### What you will do
Take the material below and extract the lines from the one with "今年51岁的蔡汉雄已从教28" through the one with "Α1 γυναικών - Οι", word for word, without pictures.

### Stored data
————————
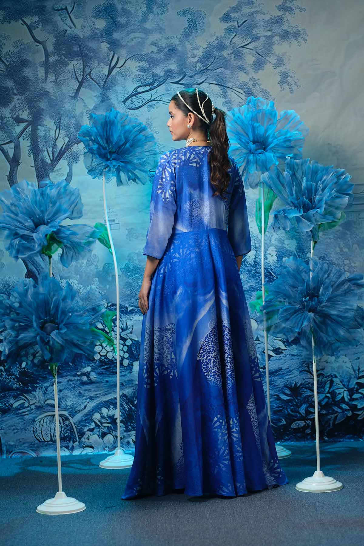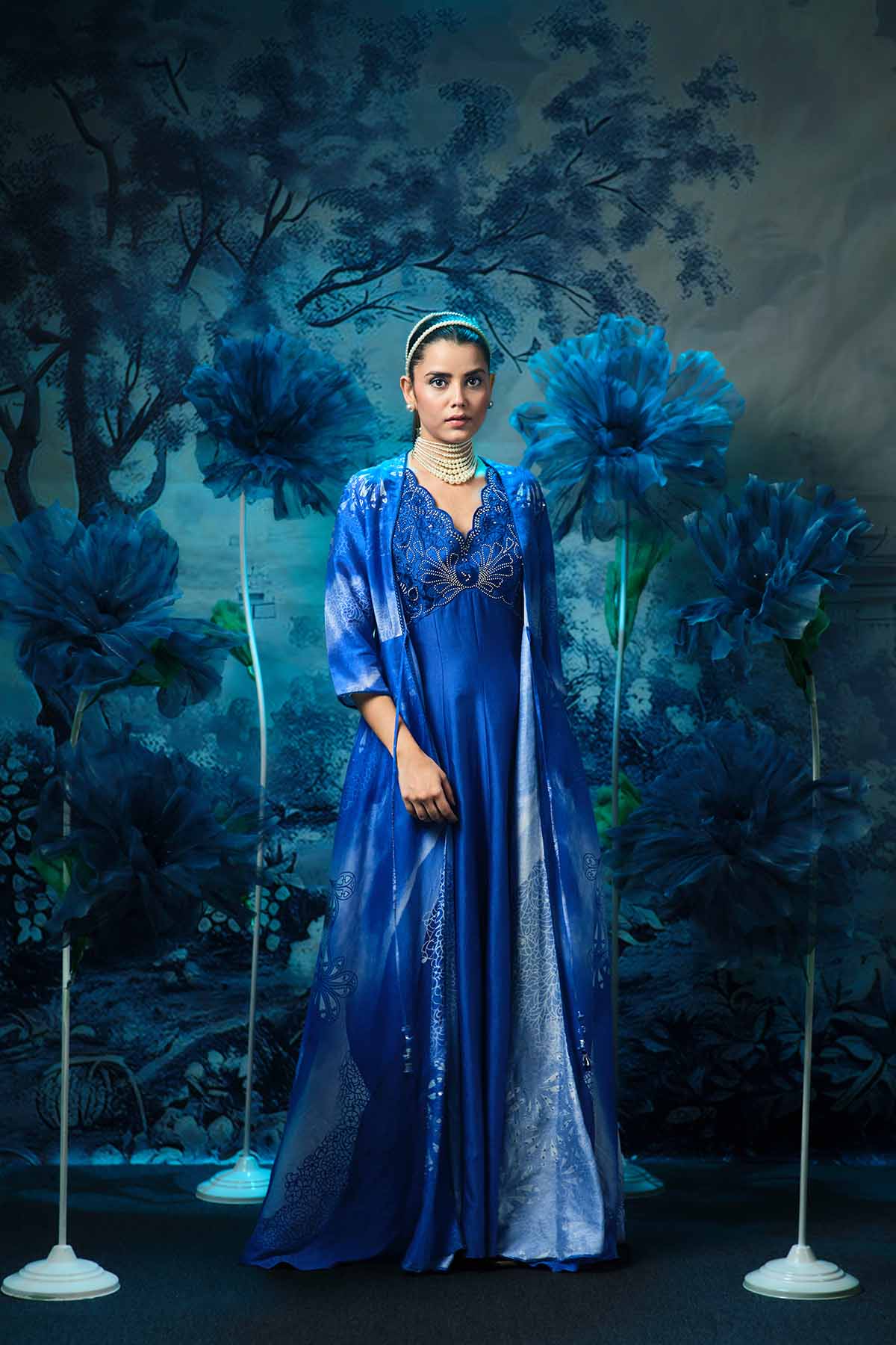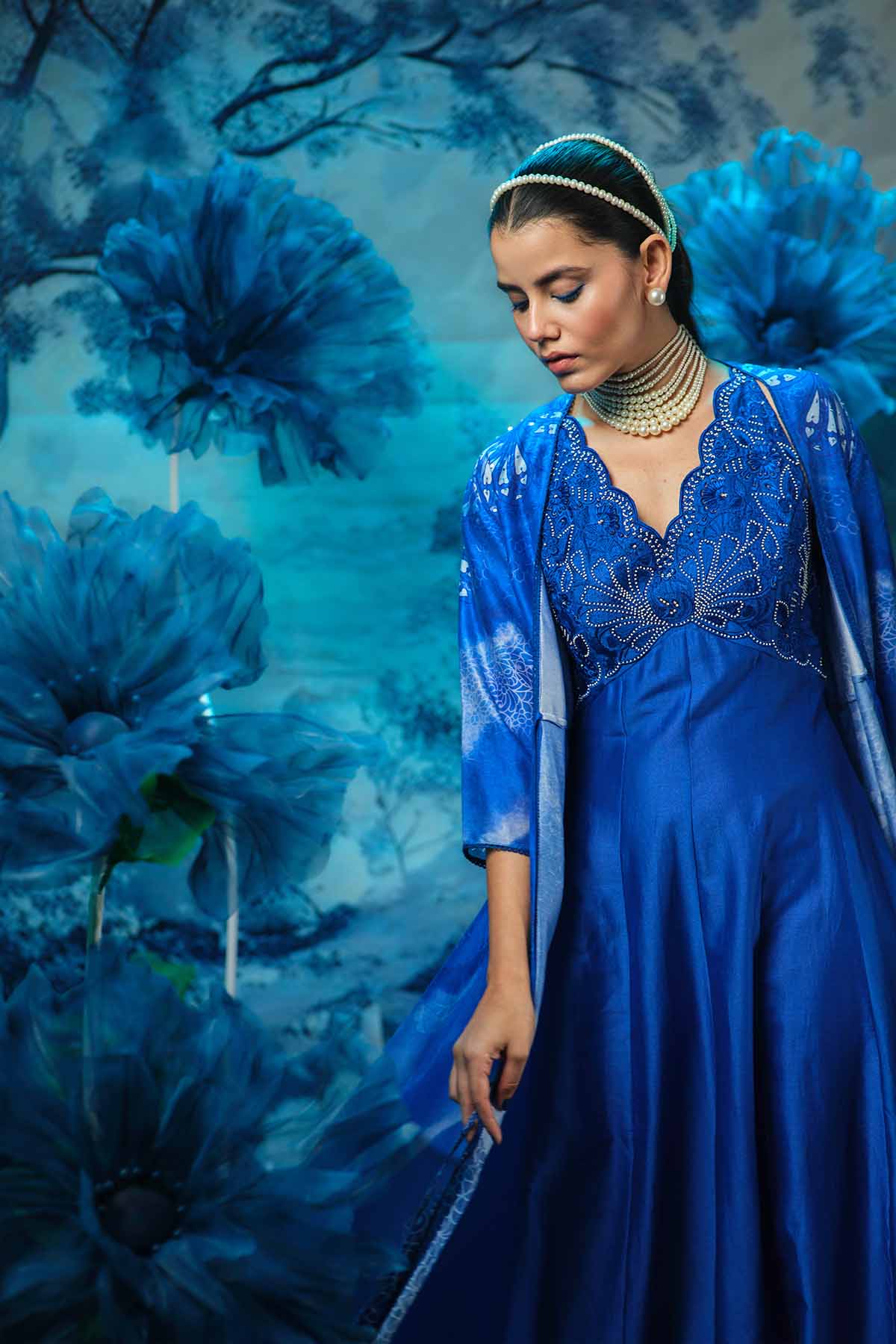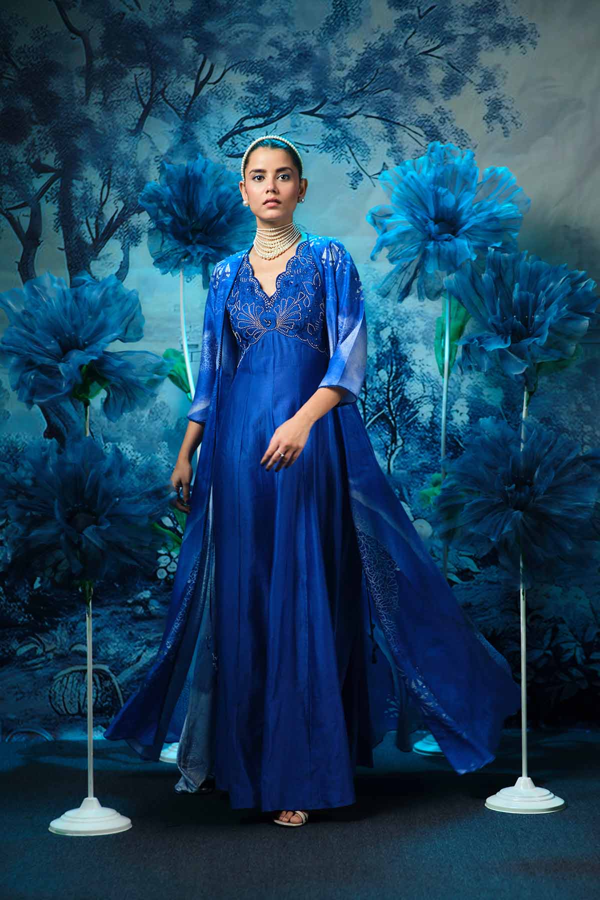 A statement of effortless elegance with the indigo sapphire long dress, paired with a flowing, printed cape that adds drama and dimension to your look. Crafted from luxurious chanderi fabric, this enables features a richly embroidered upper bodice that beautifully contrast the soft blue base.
————————
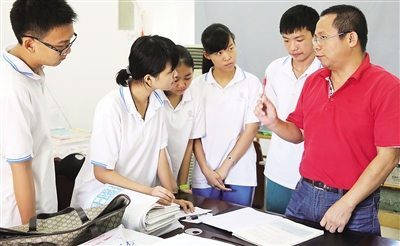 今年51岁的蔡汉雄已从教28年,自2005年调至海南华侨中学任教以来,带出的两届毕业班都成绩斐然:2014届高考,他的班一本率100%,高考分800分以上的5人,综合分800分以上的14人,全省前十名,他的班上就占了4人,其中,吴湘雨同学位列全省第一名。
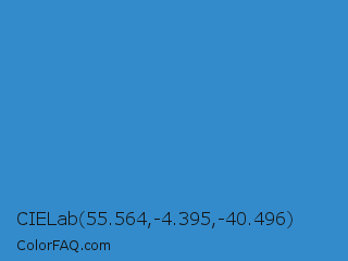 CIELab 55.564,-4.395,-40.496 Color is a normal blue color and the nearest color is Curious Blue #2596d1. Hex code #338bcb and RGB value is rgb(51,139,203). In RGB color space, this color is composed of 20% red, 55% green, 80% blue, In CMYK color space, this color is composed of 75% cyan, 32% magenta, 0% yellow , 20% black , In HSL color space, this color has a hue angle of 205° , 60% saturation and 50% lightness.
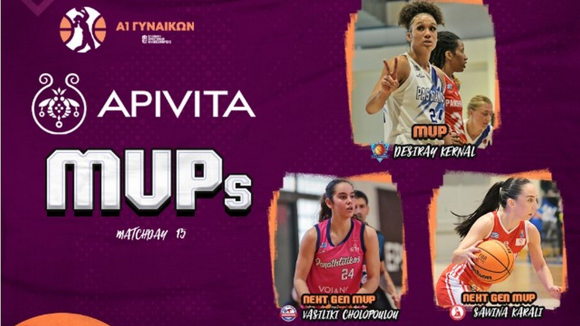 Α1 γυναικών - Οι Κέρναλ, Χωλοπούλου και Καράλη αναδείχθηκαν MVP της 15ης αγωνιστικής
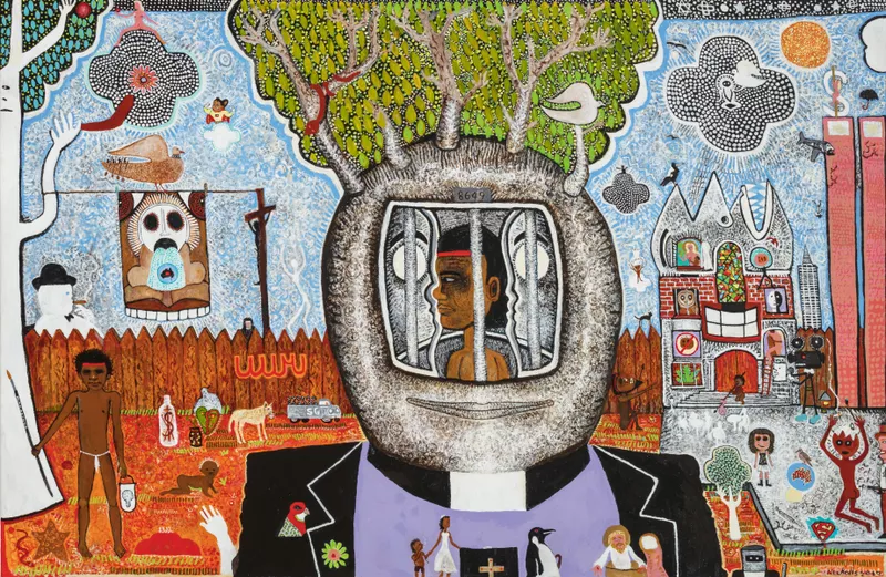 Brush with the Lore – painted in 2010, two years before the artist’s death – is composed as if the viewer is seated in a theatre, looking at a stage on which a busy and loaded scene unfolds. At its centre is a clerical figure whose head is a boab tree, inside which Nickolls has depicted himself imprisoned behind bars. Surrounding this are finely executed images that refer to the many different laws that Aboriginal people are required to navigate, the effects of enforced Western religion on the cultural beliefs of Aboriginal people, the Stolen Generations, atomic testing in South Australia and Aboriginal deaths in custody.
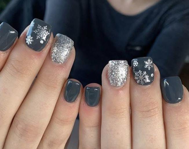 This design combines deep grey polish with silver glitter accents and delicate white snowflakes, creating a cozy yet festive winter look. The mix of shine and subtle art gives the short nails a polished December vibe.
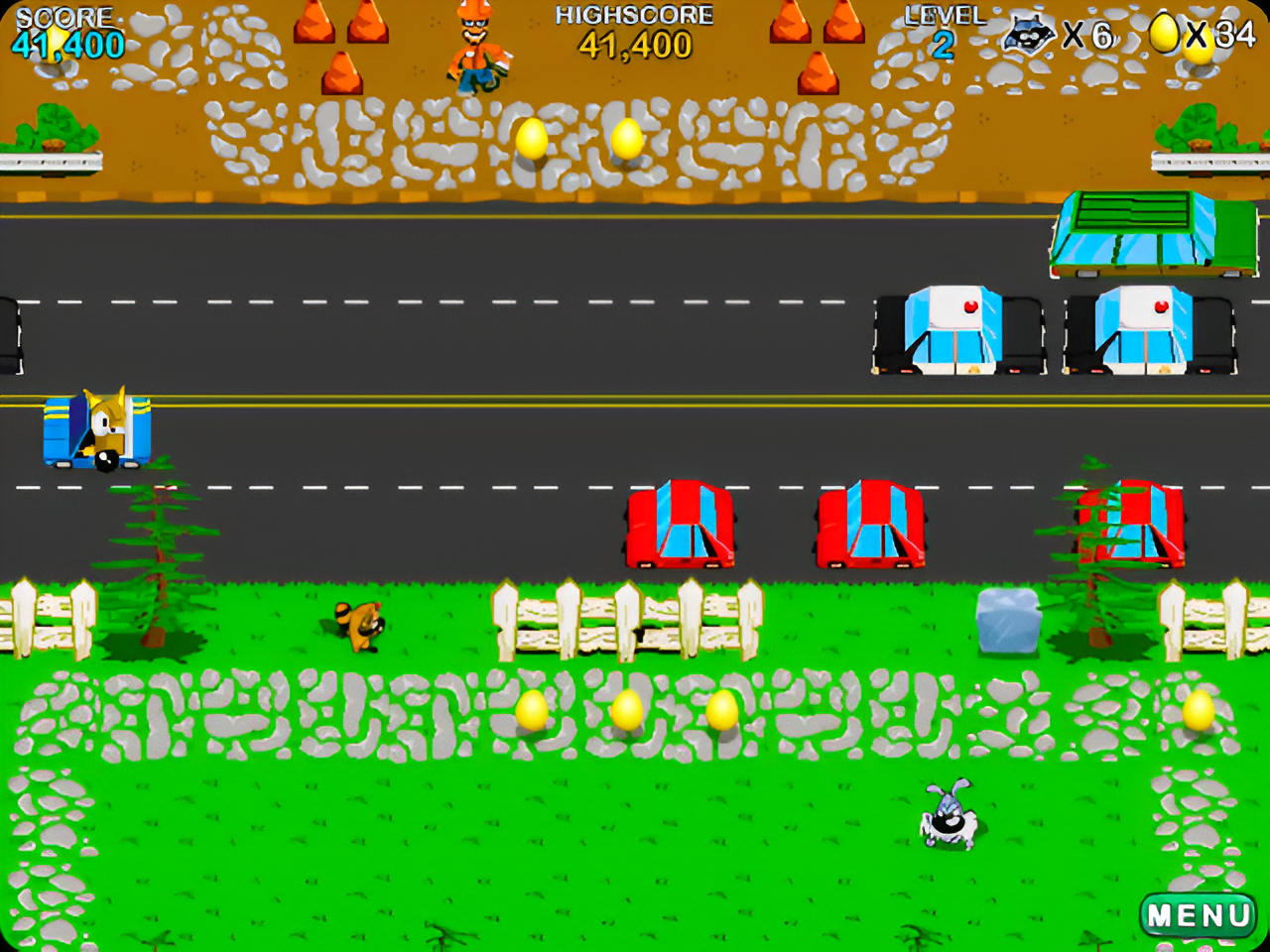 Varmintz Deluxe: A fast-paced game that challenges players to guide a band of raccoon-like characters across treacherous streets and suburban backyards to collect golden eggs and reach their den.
————————
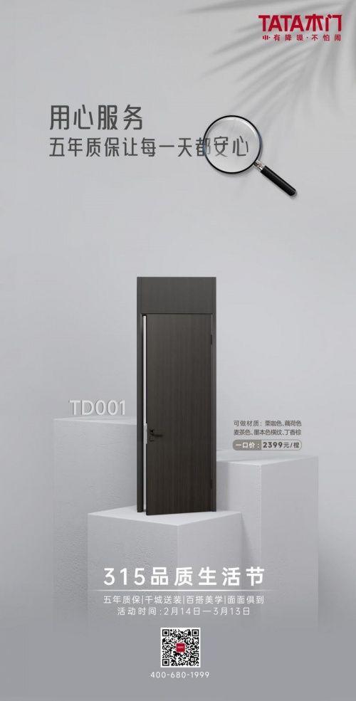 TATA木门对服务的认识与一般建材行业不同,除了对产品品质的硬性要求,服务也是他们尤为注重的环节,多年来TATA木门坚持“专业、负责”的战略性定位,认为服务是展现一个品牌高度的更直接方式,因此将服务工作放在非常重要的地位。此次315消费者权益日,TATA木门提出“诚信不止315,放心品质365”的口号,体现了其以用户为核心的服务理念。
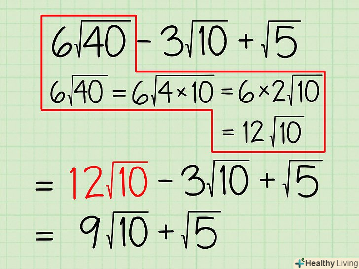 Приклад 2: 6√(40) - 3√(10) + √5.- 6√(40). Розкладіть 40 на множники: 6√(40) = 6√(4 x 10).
————————
### Response to the exercise
 今年51岁的蔡汉雄已从教28年,自2005年调至海南华侨中学任教以来,带出的两届毕业班都成绩斐然:2014届高考,他的班一本率100%,高考分800分以上的5人,综合分800分以上的14人,全省前十名,他的班上就占了4人,其中,吴湘雨同学位列全省第一名。
 CIELab 55.564,-4.395,-40.496 Color is a normal blue color and the nearest color is Curious Blue #2596d1. Hex code #338bcb and RGB value is rgb(51,139,203). In RGB color space, this color is composed of 20% red, 55% green, 80% blue, In CMYK color space, this color is composed of 75% cyan, 32% magenta, 0% yellow , 20% black , In HSL color space, this color has a hue angle of 205° , 60% saturation and 50% lightness.
 Α1 γυναικών - Οι Κέρναλ, Χωλοπούλου και Καράλη αναδείχθηκαν MVP της 15ης αγωνιστικής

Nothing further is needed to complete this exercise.